Dopo la precedente edizione dedicata a Salvatore Sciarrino, a cui si abbinava la dicitura “L’eco delle voci”, quest’anno risulta chiara una maggiore propensione al rapporto fra musica e scena con la presenza della frase “Ascoltando Beckett”.

Un percorso che uscendo dai canonici spazi musicali del Festival milanese, porterà la programmazione in teatri di prosa, come il Teatro Piccolo, per poi giungere a naturale conclusione con le recite previste in Scala dell’opera di Kurtág, Fin de partie, dal conosciuto dramma beckettiano.

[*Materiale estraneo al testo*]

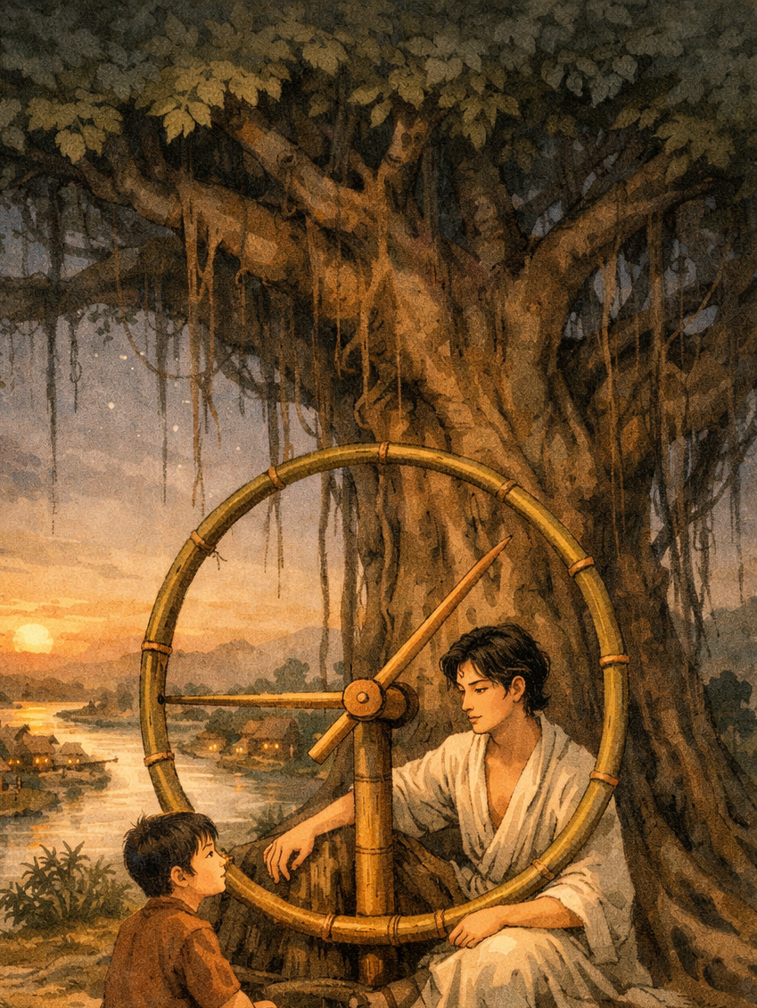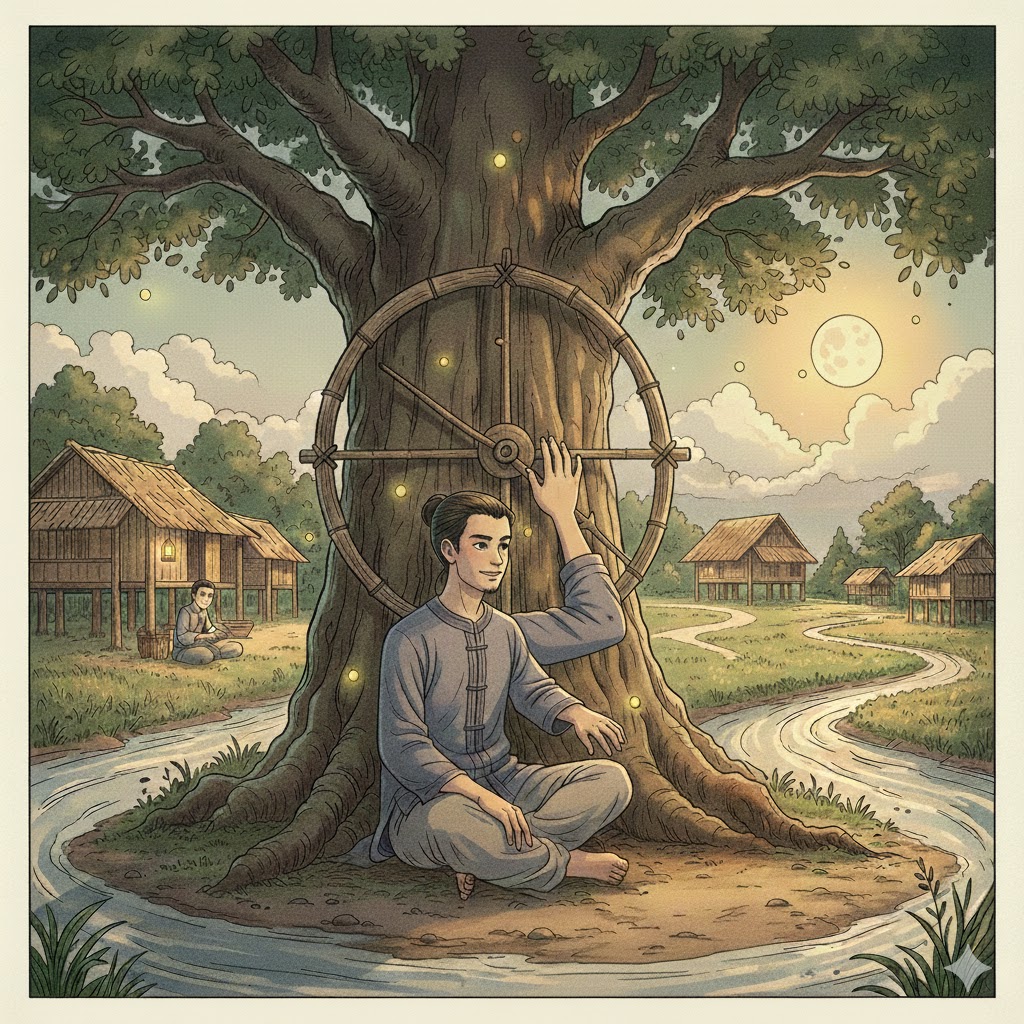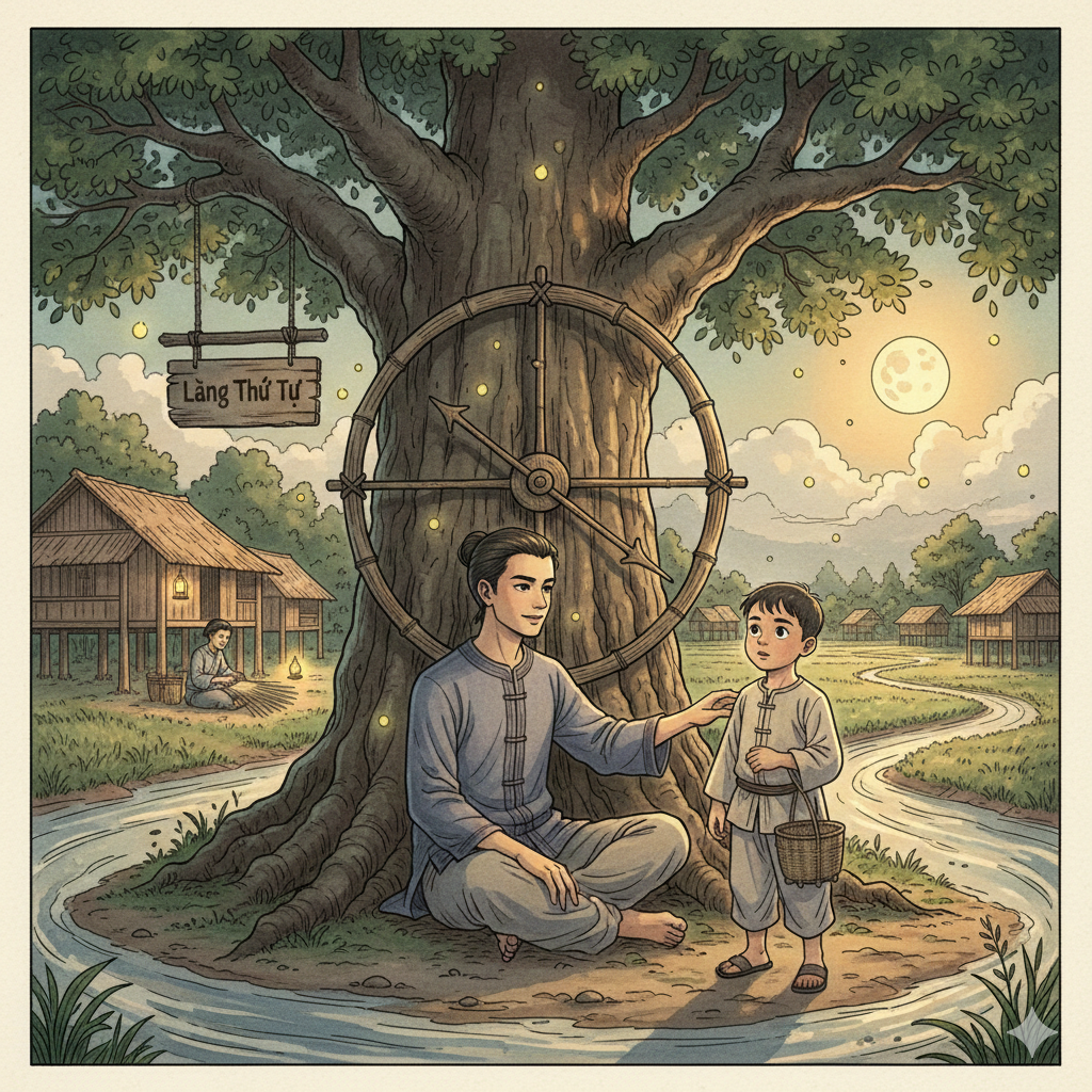 Giữa làng Thứ Tự có một vật lạ: một chiếc đồng hồ làm bằng tre. Không treo trên tường, không đặt trong nhà ai, mà dựng dưới gốc đa đầu làng. Đồng hồ không có kim sắt, chỉ có hai thanh tre mỏng xoay chậm quanh một trục gỗ. Không có số. Không có tiếng tích tắc. Vậy mà người làng nhìn vào vẫn biết sáng hay chiều, biết lúc nào nên về, lúc nào nên đợi.
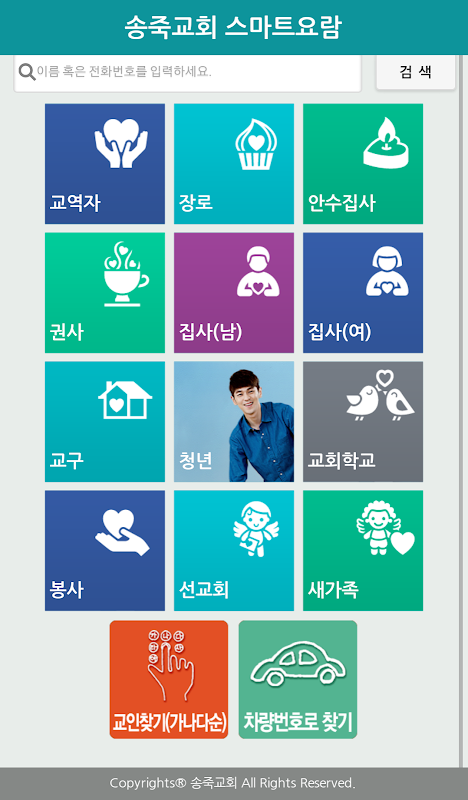 교역자, 장로, 권사, 집사 및 구역장(목자), 교사 등 모든 성도들의 요람을 스마트폰에서 확인하실 수 있는 스마트폰용 어플리케이션입니다.
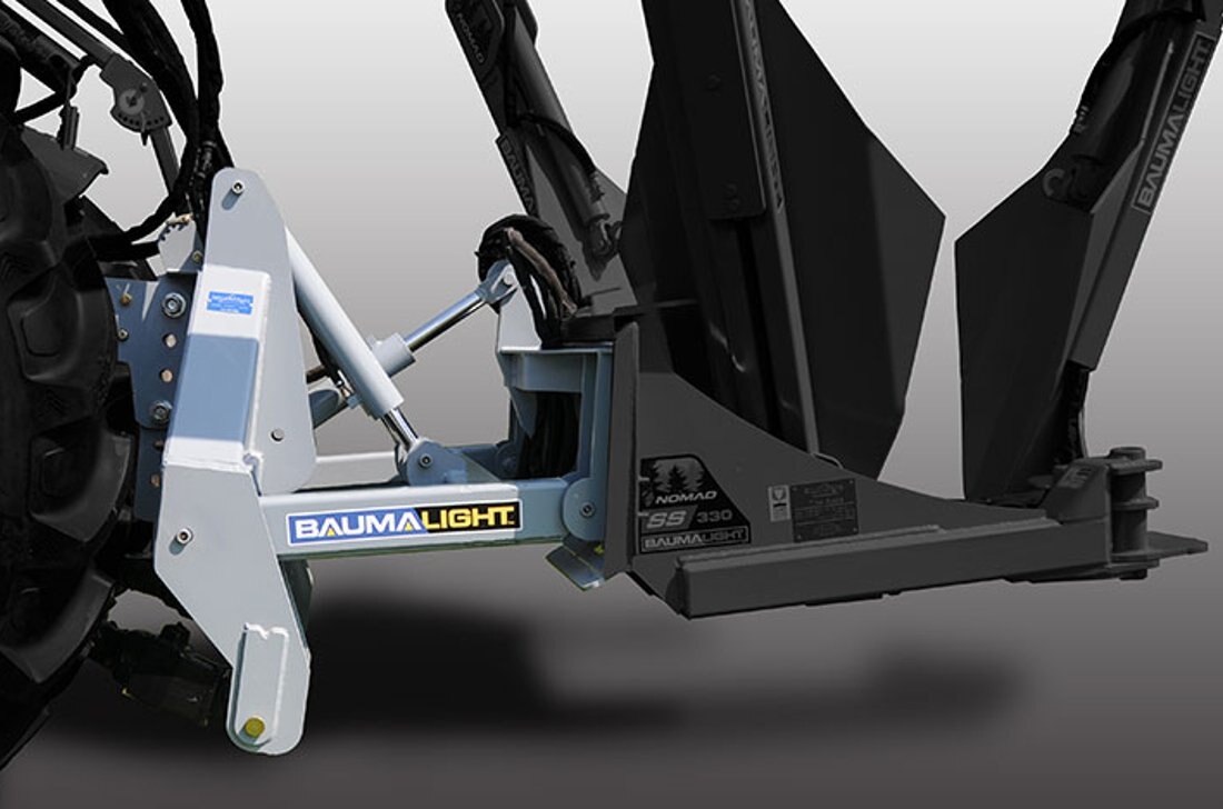 | The Baumalight PS330 adds a hinged frame arm for easy positioning and less damage to lower branches. This three-blade tree spade can handle trees up to 3" in diameter. The rear spades on either side of the operator provide the best possible view of the spading operations. Operator comfort and size make the PS330 tree spade a great match for landowners and landscapers. |

In Scala ha avuto luogo anche il concerto d’inaugurazione, in diretta Rai e dedicato alla memoria di Luciano Pestalozza e Claudio Abbado, con un programma fortemente incentrato sul tema della rassegna e sui due protagonisti di questa edizione: il primo brano vedeva la presenza di ben due Kurtág, anche il figlio è compositore, il secondo, invece, prende nome ed ispirazione dall’omonimo romanzo di Beckett.

Zwiegespräch è un dialogo fra sintetizzatori e orchestra ma è anche fra due diversi modi di intendere e pensare musica, quello di Kurtág padre e quello del figlio.

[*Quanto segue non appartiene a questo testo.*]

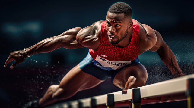 The Hurdler's Graceful Leap: An athlete clearing a row of high hurdles with ease and precision.
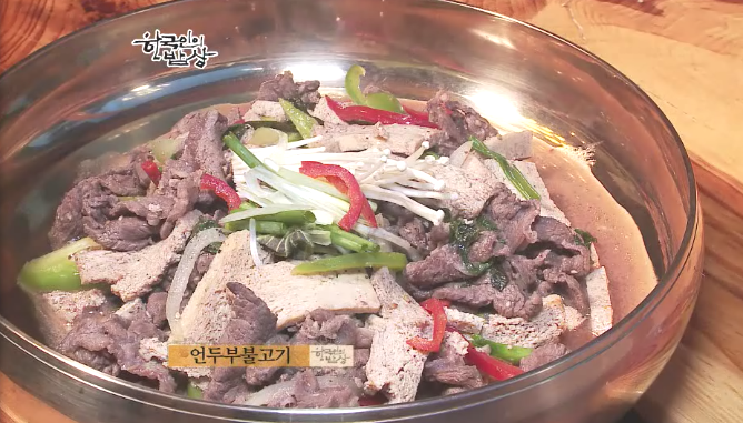 ‘언두부 불고기’는 뜨거운 물에 소금을 타고 언두부를 넣고 살짝 데쳐 냅니다. 먹기 좋게 썰어서 양념을 한 뒤에 불고기와 함께 넣어 볶습니다. 볶아도 깨지지 않고 쫄깃한 식감이 납니다.
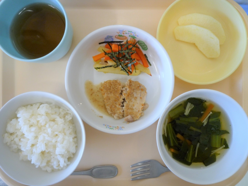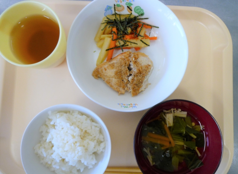 昼食:ご飯、魚のごま味噌だれ、じゃがいもきんぴら、すまし汁、りんご(乳児のみ)、麦茶
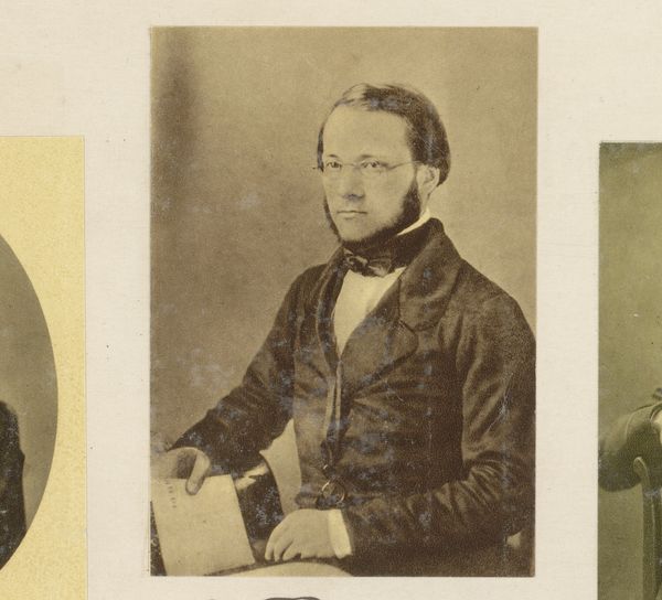 Curator: The somber weight of history feels palpable in this stereograph by Mathew Brady, portraying Abraham Lincoln. Editor: It's striking how the dual image lends a strange depth and almost hallucinatory quality to the photograph. The tones are muted, which emphasizes the gravity of the subject. Curator: Brady captured Lincoln at a pivotal time, during the Civil War, shaping and preserving Lincoln’s image for future generations. These portraits helped solidify Lincoln's place in the American consciousness. Editor: The meticulous detail is captivating; see the minute textures of his suit, the carefully controlled lighting. It's less about capturing a likeness and more about constructing an idea of leadership. Curator: Indeed. Photography in this era was crucial for disseminating political imagery and influencing public perception. Brady's gallery played a key role in this process. Editor: And the repetition! It's like a doubling of the man himself, forcing us to confront his presence, his otherness, from two slightly different perspectives. Curator: Ultimately, Brady's portrait immortalizes a leader, but it also reveals the power of photography to shape history and collective memory. Editor: A powerful piece indeed—a reminder that even in stillness, images can resonate with profound movement.

Pagine dal sofferto passato che hanno visto negli ultimi vent’anni numerose e continue revisioni, non ultima la trascrizione orchestrale di Olivier Cuendet.

Il solismo del sintetizzatore, nonostante ottime soluzioni elettroniche, rivela la culla ambientale della propria genesi, anni novanta, e si riallaccia all’attuale sentire con un sapiente uso delle amplificazioni.

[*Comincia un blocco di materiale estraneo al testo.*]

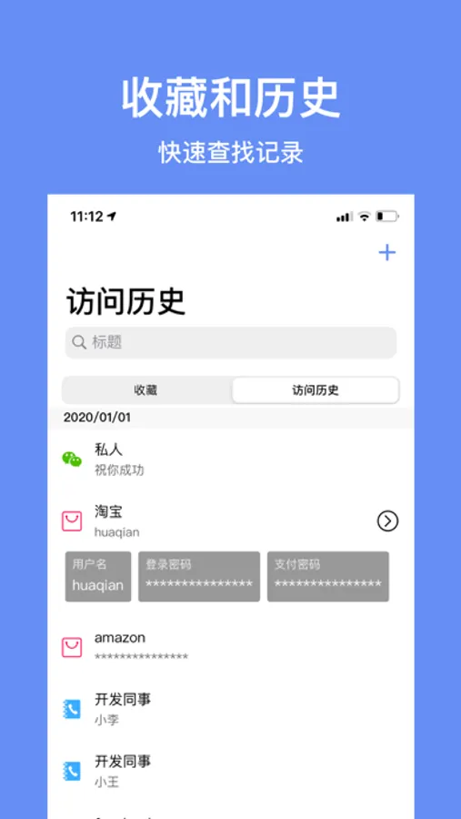 3. Support star sign, view history, search, label multi-dimensional password management
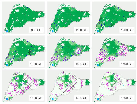 Forest (green areas) retreat and garden (blue and pink dots) proliferation in Rapa Nui during the last millennium, simulated with an agent-based model of human-resource interactions. The green intensity represents the density of palms, ranging from 0 (white) to 7 (dark green) thousand trees per cell. The color of dots is the resource preference, in percentage of trees vs. gardens, ranging from 20% (pink) to 80% (blue). Modified from Ref. [86].
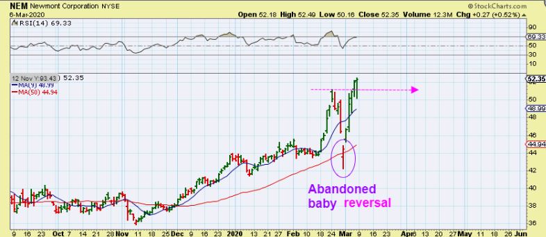 So let’s go back to this GDX CHART: Last week I said that this could be bought with a stop under the low, and this week I said you can raise stops to the 50 sma on a daily chart.
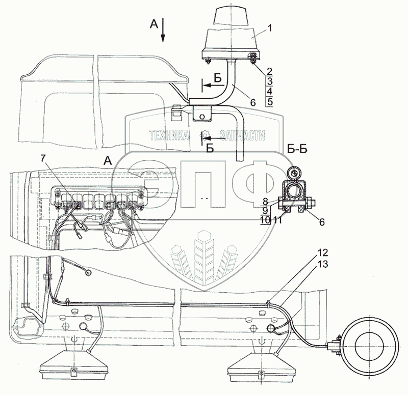 Каталог запасных частей к технике: МТЗ-1021.3. Установка маяка сигнального
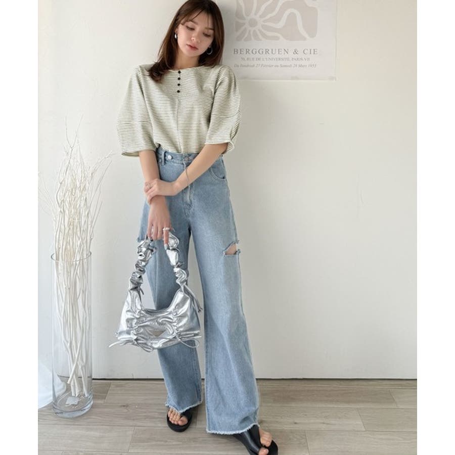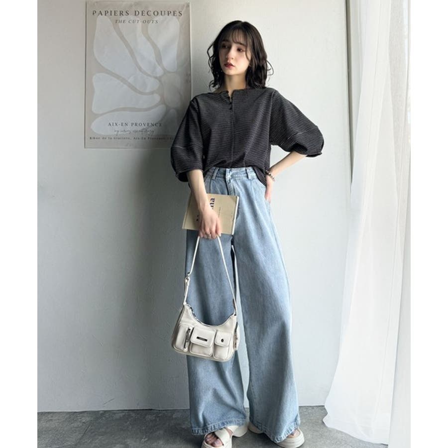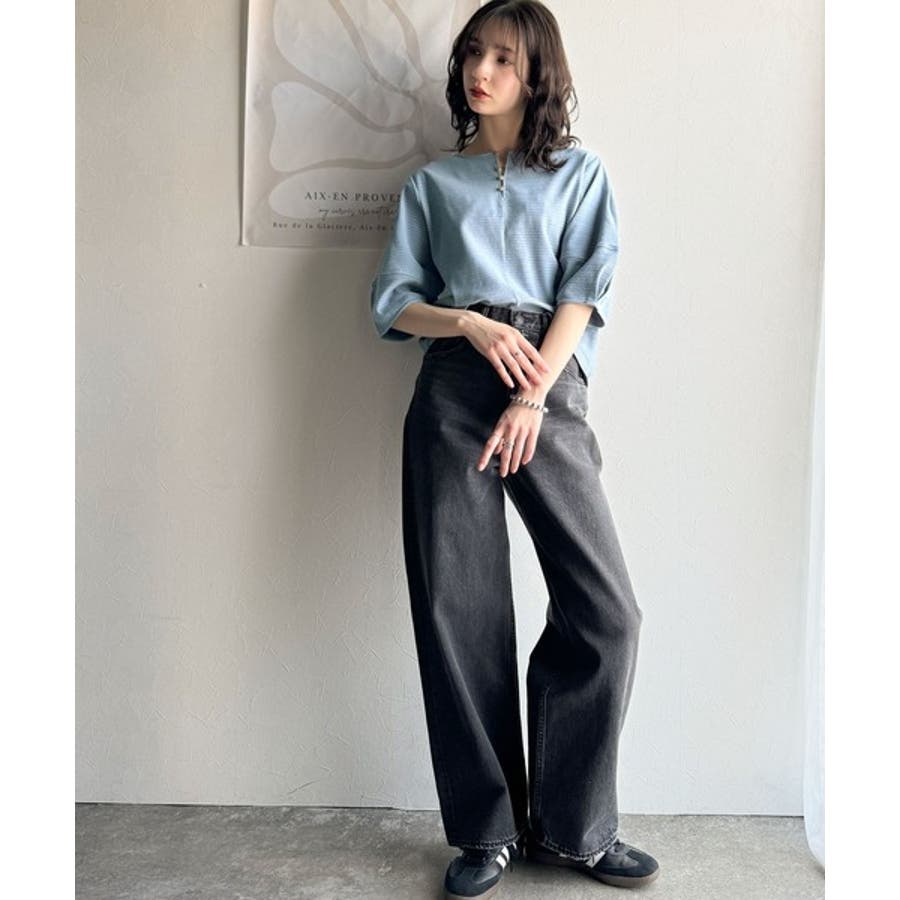 その日の気分に合わせてカーブデニムやフレアパンツを合わせてもOK◎

Più presenza e protagonismo, invece, nel secondo brano, a partire dal solista e dalla sua ottima performance, il trombonista Mike Svoboda, e da parte della Filarmonica della Scala e del direttore di serata, Gergely Madaras.

In Watt di Pascal Dusapin, il solista è l’attore del romanzo beckettiano ma il continuo volgere e stravolgere di azioni che creano e manipolano il protagonista, è in mano all’orchestra che ordisce la trama.

Il solista concede anche un bis, d’impatto e molto apprezzato. Un’improvvisazione che è sembrato più uno spot alle enormi potenzialità dello strumento, spesso relegato agli ultimi leggii dell’orchestra e non ai ruoli solistici.

Tanto, invece è stato detto, sulla musica di Stravinskij, personaggio silenzioso e solerte di ogni festival di contemporanea nostrano.

La scelta di proporre Petruška da parte del giovane direttore magiaro è sicuramente stata coraggiosa. Il brano è uno dei cavalli di battaglia del direttore musicale della Filarmonica, Riccardo Chailly, che spesso negli ultimi anni l’ha portato ai pubblici italiani ed europei.

Premessa necessaria perché probabilmente non c’è stato quel tempo fisiologico per trasmettere le proprie intenzioni ad un brano di per sé molto complesso e che necessita di una sinergia totale con la compagine orchestrale.

La rigida coerenza fra i tempi e alcune sviste, prontamente riassorbite dai professori orchestrali, sono quindi, a mio avviso, riconducibili a questa difficoltà.

Applausi sinceri da parte del pubblico numeroso, in ogni settore del teatro.

Il Festival continuerà nel suo articolato percorso nelle prossime settimane, alternando appuntamenti cameristici ad altri appuntamenti orchestrali, fino a fine novembre.